The main architecture of the refinement model is shown in Figure 3, which extracts multi-scale spatial–temporal features of multi-frame point cloud features. Given the multi-frame features

F_{i}^{(t - τ)}

, we concatenate them to a feature sequence as input of the model, that is,

concat

({F_{i}^{(t - τ)}}_{τ = 0}^{T})

. We then use a 3D convolution layer with the kernel size of

(T, 1, 1)

and two 2D convolution layers to downsample the feature sequence along both the temporal dimension and spatial dimension to obtain spatial–temporal features with two different resolutions. Each convolution layer is followed by a batch normalization layer and a relu function. Subsequently, we conduct a pooling function on the spatial–temporal features along the temporal dimension. Next, we concatenate the higher-resolution features with the upsampled lower-resolution features. That is, a skip connection is applied to fuse the features with different resolutions. Finally, we use two convolution layers to tune the features and generate the multi-scale spatial–temporal features of multi-frame point cloud features, i.e., the refined spatial–temporal feature. The refined spatial–temporal feature of agent

a_{i}

at the timestep t, denoted by

G_{i}^{(t)}

, is obtained as follows,

G_{i}^{(t)} = f_{refine} (concat ({F_{i}^{(t - τ)}}_{τ = 0}^{k})) .

where

f_{refine}

represents the proposed refinement model. As a model extracting temporal features for prediction, the refinement model can effectively capture multi-scale spatial–temporal features. The model inputs all historical information together to avoid cascade errors and has a better prediction for short sequences.

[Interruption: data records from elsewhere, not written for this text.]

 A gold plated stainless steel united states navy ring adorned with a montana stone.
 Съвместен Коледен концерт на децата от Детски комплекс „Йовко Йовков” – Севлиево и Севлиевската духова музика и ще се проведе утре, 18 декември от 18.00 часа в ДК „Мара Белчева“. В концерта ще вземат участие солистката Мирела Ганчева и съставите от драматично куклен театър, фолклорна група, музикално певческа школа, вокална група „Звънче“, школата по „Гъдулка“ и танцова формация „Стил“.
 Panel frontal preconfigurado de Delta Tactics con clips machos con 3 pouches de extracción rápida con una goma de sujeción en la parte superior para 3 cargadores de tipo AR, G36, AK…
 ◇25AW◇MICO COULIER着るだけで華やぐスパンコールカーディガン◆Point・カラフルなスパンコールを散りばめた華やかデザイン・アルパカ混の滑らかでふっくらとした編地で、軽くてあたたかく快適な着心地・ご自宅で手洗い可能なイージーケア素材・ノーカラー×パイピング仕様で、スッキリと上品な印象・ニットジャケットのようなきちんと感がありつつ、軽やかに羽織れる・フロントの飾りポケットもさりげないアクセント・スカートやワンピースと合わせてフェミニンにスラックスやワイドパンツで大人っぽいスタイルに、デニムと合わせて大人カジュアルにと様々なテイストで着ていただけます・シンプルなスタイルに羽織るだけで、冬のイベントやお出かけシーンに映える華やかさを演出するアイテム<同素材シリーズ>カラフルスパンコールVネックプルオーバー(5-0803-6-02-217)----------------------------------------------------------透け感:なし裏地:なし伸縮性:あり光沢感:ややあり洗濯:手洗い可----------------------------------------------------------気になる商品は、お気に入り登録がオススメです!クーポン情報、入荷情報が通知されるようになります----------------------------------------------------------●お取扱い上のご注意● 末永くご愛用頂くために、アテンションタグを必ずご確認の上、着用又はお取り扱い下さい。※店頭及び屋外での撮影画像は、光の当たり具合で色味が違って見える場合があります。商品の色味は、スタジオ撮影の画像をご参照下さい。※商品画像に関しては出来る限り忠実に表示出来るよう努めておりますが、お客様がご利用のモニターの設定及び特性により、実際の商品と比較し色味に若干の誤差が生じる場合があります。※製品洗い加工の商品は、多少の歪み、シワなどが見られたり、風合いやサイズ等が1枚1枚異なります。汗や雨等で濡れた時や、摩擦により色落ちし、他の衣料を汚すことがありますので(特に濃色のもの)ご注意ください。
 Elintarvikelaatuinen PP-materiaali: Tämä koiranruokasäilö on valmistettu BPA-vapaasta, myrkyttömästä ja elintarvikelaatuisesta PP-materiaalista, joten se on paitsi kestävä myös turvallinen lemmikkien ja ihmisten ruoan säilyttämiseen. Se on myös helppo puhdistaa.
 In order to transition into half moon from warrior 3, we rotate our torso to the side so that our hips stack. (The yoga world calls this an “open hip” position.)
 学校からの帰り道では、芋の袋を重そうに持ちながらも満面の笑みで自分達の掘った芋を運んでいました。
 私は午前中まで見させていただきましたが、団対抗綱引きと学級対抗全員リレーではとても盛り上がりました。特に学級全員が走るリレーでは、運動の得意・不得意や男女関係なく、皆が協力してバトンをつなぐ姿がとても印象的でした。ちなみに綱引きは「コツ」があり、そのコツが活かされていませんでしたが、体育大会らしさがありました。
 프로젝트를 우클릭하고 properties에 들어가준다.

To make the model extract the most suitable features for PnP, we give the refinement model more strong and explicit supervision. Concretely, the multi-scale spatial–temporal features produced by each agent will be not only shared among agents for collaboration but also be decoded to PnP results in the single-agent view supervised by a single-view PnP loss. The ground truth of these results is composed of the semantic segmentation and instance flow, which depicts whether it is foreground and whether it is dynamic at a spatial location and a timestep. The single-view PnP loss can give the refinement model explicit supervision about spatial importance and temporal importance so that the model can realize it and extract the most important information for the PnP task.

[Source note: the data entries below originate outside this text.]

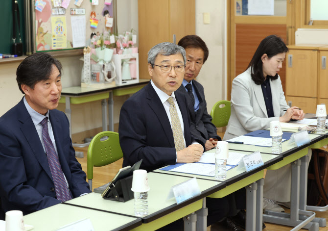 정근식 서울시교육감이 13일 오후 서울 서초구 서이초등학교를 방문해 학교구성원 등과 ‘교육공동체의 회복과 건강한 교육활동 지원 방안’을 주제로 간담회를 하고 있다. (사진=뉴시스) |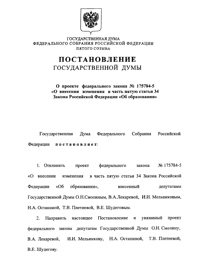 "О ПРОЕКТЕ ФЕДЕРАЛЬНОГО ЗАКОНА N 175784-5 "О ВНЕСЕНИИ ИЗМЕНЕНИЯ В ЧАСТЬ ПЯТУЮ СТАТЬИ 34 ЗАКОНА РОССИЙСКОЙ ФЕДЕРАЦИИ "ОБ ОБРАЗОВАНИИ"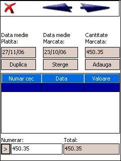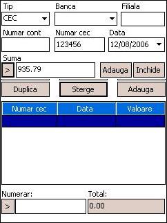 Se verifica apoi, pe banda albastra, corectitudinea datelor introduse (nr. cec, data scadenta, valoare).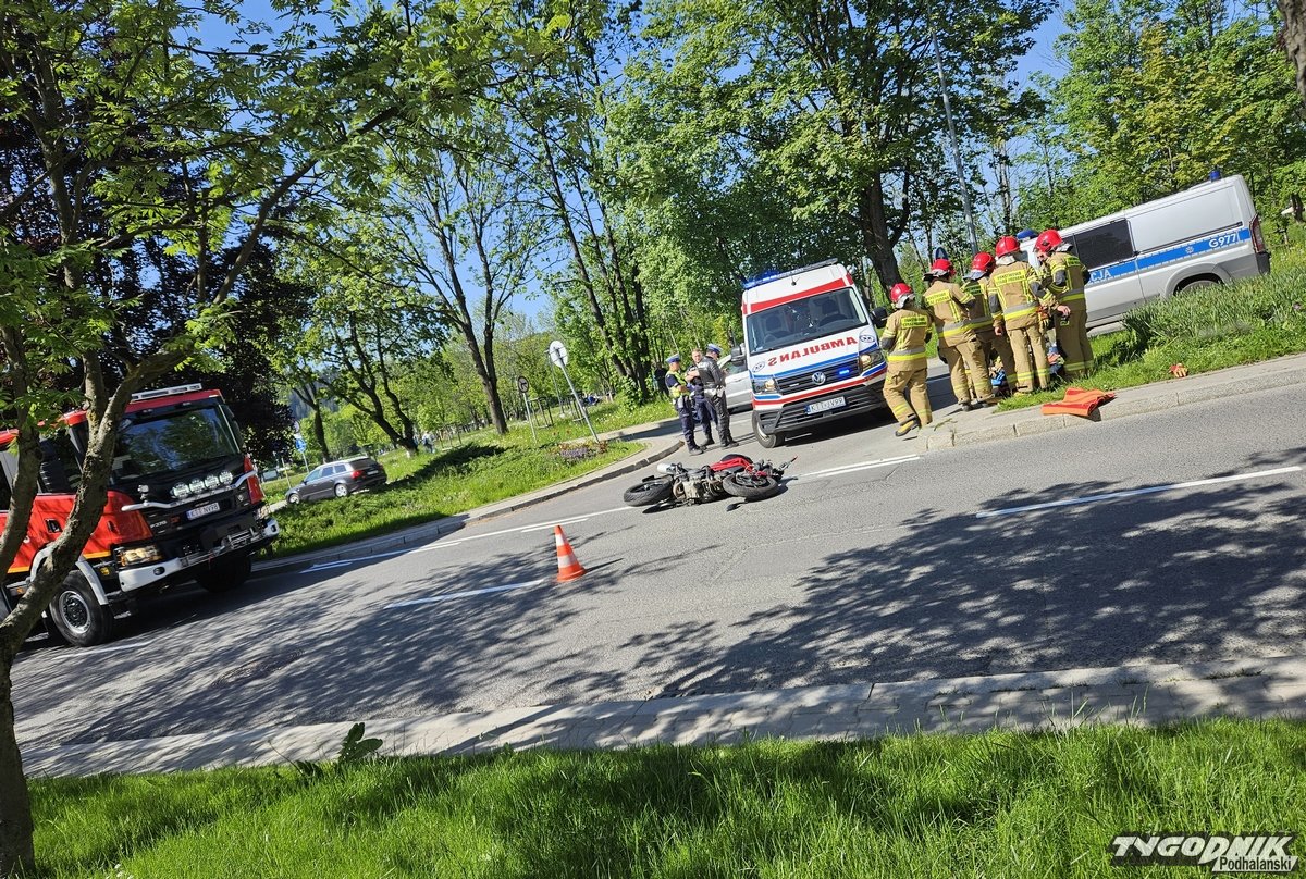 Na Alejach 3 Maja w Zakopanem doszło do zderzenia motocyklisty z samochodem osobowym.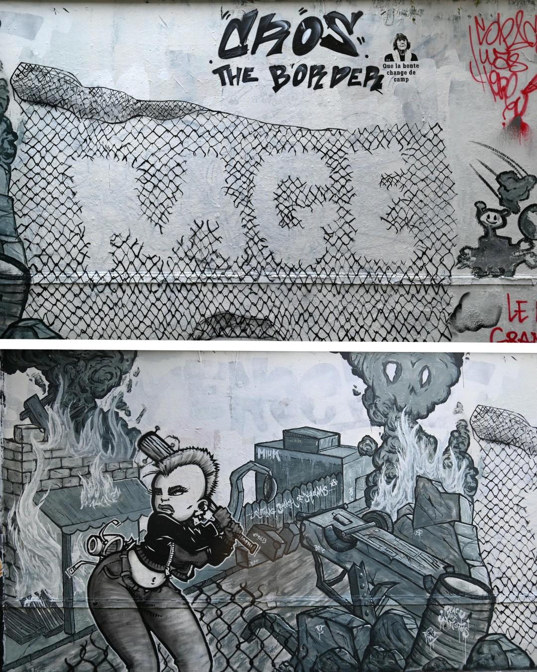 Il y a une semaine, le collectif artistique Black Lines a réalisé une nouvelle fresque sur le thème de résistances, mêlant dans ses œuvres en noir et blanc le soutien à la Palestine et la nécessaire révolte en France.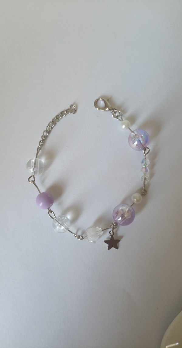 lila ve şeffaf boncuklar ile süslenmiş, gümüş yıldız charm detaylı kadın bileklik.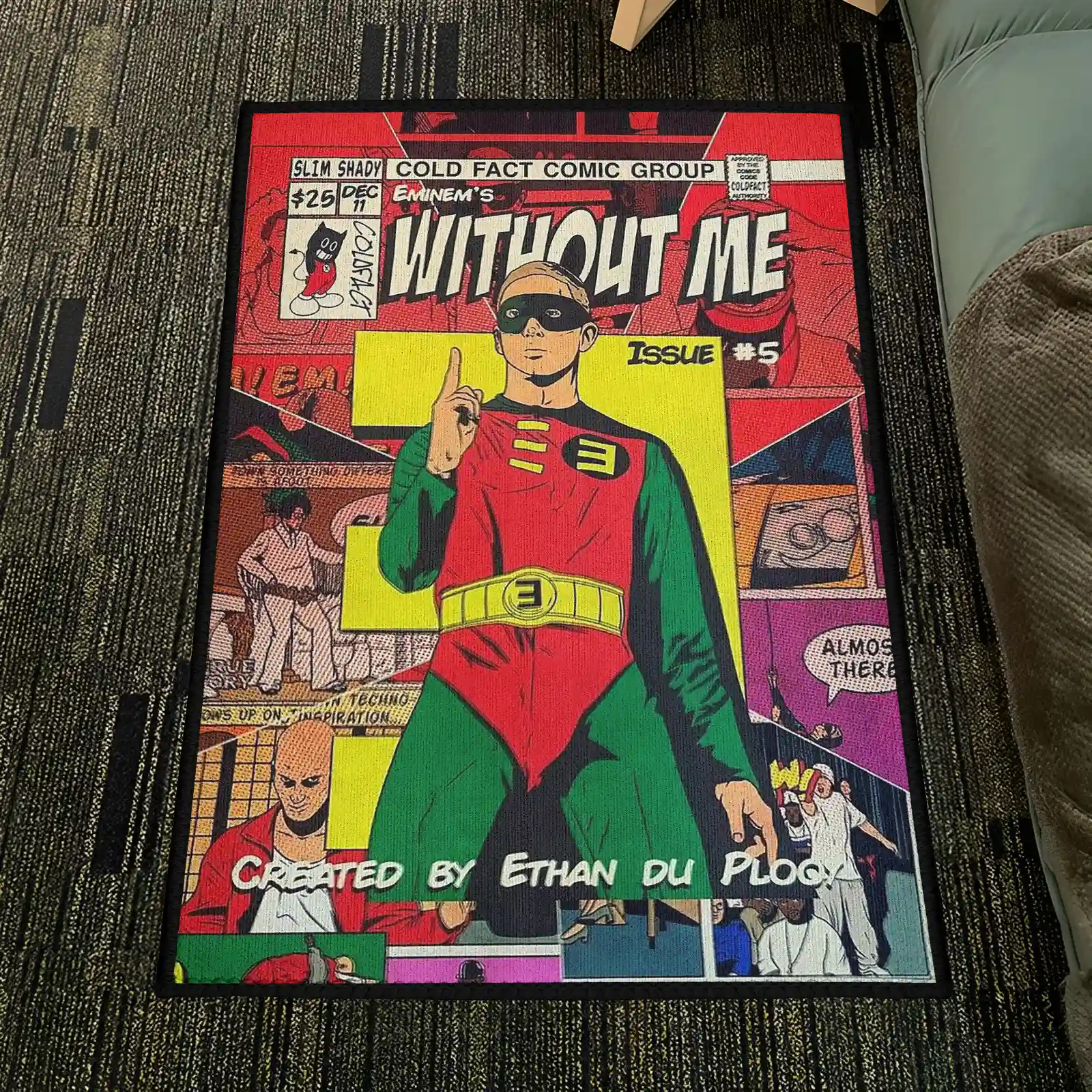 Mix music and comics with the Without Me Eminem Comic Poster Rug. Featuring the iconic track title blended with a vibrant, vintage comic book aesthetic, this durable floor mat is a must-have for Eminem fans, adding a nostalgic, graphic edge to bedrooms, man caves, or entertainment rooms.Product Features

The proposed task-oriented spatial–temporal information-refinement model has two advantages: (1) since the single-view feature is also decoded to perception and prediction results and supervised by PnP task loss, the most important information for perception and prediction can be captured and shared among agents; (2) through the refinement model, the size of the collaborative messages to be transmitted is reduced from

T \times C \times H \times W

to

1 \times C \times H \times W

, which is communication-efficient because it is not affected by the length of temporal information and is easy to compress.

Thus,

G_{i}^{(t)}

carries the most important information for PnP with less communication resources consumption, so is effective and communication-efficient and can serve as the collaborative messages.

Collaborative messages compression, sharing, decompression. After the information refinement, each agent leverages a compression model

f_{compress}

to compress the refined features to save more communication resources. Concretely, the compression model uses a

1 \times 1

convolutional layer followed by a batch normalization layer to downsample the channel dimension from C to

C^{'}

, that is,

C_{i}^{(t)} = f_{compress} (G_{i}^{(t)}) .

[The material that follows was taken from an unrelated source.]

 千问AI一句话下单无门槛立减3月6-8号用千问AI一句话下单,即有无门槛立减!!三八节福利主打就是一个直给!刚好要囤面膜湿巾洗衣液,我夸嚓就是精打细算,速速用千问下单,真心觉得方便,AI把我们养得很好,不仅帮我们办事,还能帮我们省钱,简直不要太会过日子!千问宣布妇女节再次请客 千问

Subsequently, each agent transmits the compressed features

C_{i}^{(t)}

as well as its poses in 3D space to its neighbor agents and receives the corresponding messages. Then, each agent decompresses the received messages with a decompression model

f_{decompress}

, which uses a

1 \times 1

convolutional layer followed by a batch normalization layer to upsample the channel dimension from

C^{'}

to C, that is,

D_{j}^{(t)} = f_{decompress} (C_{j}^{(t)}),

where

D_{j}^{(t)}

is the decompressed feature of collaborative message from agent

a_{j}

at timestep t.

Feature transformation. Next, each agent transforms the features from different agents into its ego coordinate system based on the poses of each agent, that is,

D_{j \to i}^{(t)} = ξ_{j \to i} (D_{j}^{(t)}),

where

ξ_{j \to i}

is the transformation principle based on the poses of both agents and

D_{j \to i}^{(t)}

is the transformed feature. After this coordinate transformation, all features from neighbor agents

a_{j}

are aligned within the same coordinate system of agent

a_{i}

.

Spatial–temporal importance-aware feature fusion. Since different agents have different observations, the importance of the information located at the same spatial and temporal region from different agents is also different. When fusing such information, we should well consider the spatial and temporal importance to amplify the important information and suppress irrelevant information. To achieve comprehensive feature fusion, we propose a spatial–temporal importance (STI)-aware feature-fusion model, which first computes the importance weight of each spatial and temporal cell of the feature and then fuses features based on this weight. See Figure 4.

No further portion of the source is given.